Question: The product of moment of inertia and angular acceleration is: (A) force (B) torque (C) angular...

Question

The product of moment of inertia and angular acceleration is:
(A) force
(B) torque
(C) angular momentum
(D) rotational kinetic energy

Answer 1

Solution

The SI unit of the moment of the inertia and the SI unit of the angular acceleration is multiplied, then the resultant SI unit is checked with the SI unit of the parameters which are given in the option, then the solution can be determined.

Complete step by step answer:
The moment of inertia is equal to the angular momentum is divided by the angular velocity, then the moment of inertia is written as,
$I = \dfrac{L}{\omega }$
Where, $I$ is the moment of the inertia, $L$ is the angular momentum and $\omega$ is the angular velocity.
So, the SI unit of the moment of inertia is determined by dividing the SI unit of the angular momentum and the SI unit of the angular velocity.
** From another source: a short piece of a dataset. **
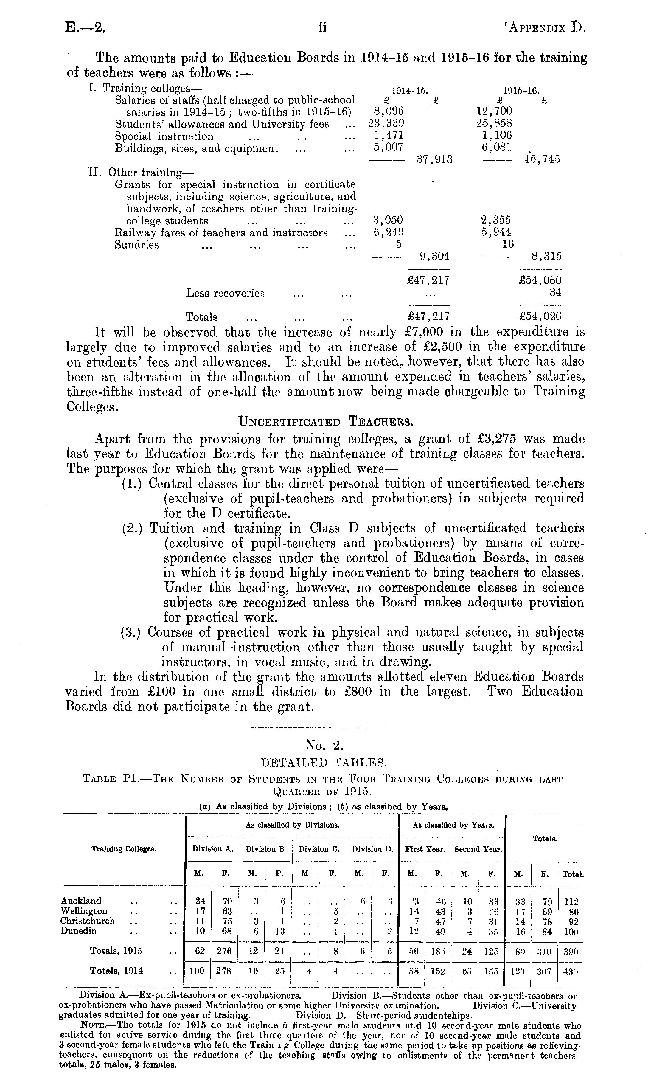 The amounts paid to Education Boards in 1914-15 and 1915-16 for the training of teachers were as follows : — I. Training colleges— 1914-15. 1915-10. Salaries of staffs (half charged to public-school £ £ £ £ salaries in 1914-15 ; two-fifths in 1915-16) 8,096 12,700 Students'allowances and University fees ... 23,339 25,858 Special instruction ... ... ... 1,471 1,106 Buildings, sites, and equipment ... ... 5,007 6,081 37,913 45,74.0 11. Other training — Grants for special instruction in certificate subjects, including science, agriculture, and handwork, of teachers other than trainingcollege students ... ... ... 3,050 2,355 Railway fares of teachers and instructors ... 6,249 5,944 Sundries ... ... ... ... 5 16 9,304 8,315 £47,217 £54,060 Less recoveries ... ... ... 34 Totals ... ... ... £47,217 £54,026 It will be observed that the increase of nearly £7,000 in the expenditure is largely due to improved salaries and to an increase of £2,500 in the expenditure on students' fees and allowances. It should be noted, however, that there has also been an alteration in the allocation of the amount expended in teachers' salaries, three-fifths instead of one-half the amount now being made chargeable to Training Colleges. Uncertificated Teachers. Apart from the provisions for training colleges, a grant of £3,275 was made last year to Education Boards for the maintenance of training classes for teachers. The purposes for which the grant was applied were — (1.) Central classes for the direct personal tuition of uncertificated teachers (exclusive of pupil-teachers and probationers) in subjects required for the D certificate. (2.) Tuition and training in Class D subjects of uncertificated teachers (exclusive of pupil-teachers and probationers) by means of correspondence classes under the control of Education Boards, in cases in which it is found highly inconvenient to bring teachers to classes. Under this heading, however, no correspondence classes in science subjects are recognized unless the Board makes adequate provision for practical work. (3.) Courses of practical work in physical and natural science, in subjects of manual instruction other than those usually taught by special instructors, in vocal music, and in drawing. In the distribution of the grant the amounts allotted eleven Education Boards varied from £100 in one small district to £800 in the largest. Two Education Boards did not participate in the grant.

Then,
$I = \dfrac{{\left( {\dfrac{{kg{m^2}}}{s}} \right)}}{{\left( {\dfrac{{rad}}{s}} \right)}}$
By rearranging the terms in the above equation, then the above equation is written as,
$I = \dfrac{{kg{m^2}}}{s} \times \dfrac{s}{{rad}}\,.....................\left( 1 \right)$
Now the SI unit of the angular acceleration is given by,
$\alpha = \dfrac{{rad}}{{{s^2}}}\,................\left( 2 \right)$
In the question it is given that the product of the moment of inertia and the angular acceleration, then by multiplying the equation (1) and equation (2), then
$\Rightarrow \dfrac{{kg{m^2}}}{s} \times \dfrac{s}{{rad}} \times \dfrac{{rad}}{{{s^2}}}$
By cancelling the same terms in the above equation, then the above equation is written as,
$\Rightarrow \dfrac{{kg{m^2}}}{{{s^2}}}$
In the above equation the terms $\dfrac{{kgm}}{{{s^2}}}$ , is also written as newton $N$ , then the above equation is written as,
$\Rightarrow Nm$
By comparing this unit with the option which is given in the question, the unit of the torque is matched with the above equation.

Hence, the option (B) is the correct answer.

Note: The unit of the torque is $Nm$ , this the final answer so the answer is determined as the torque. In physics, there is a statement like the torque in the rotating substance is equal to the product of the moment of inertia and the angular acceleration.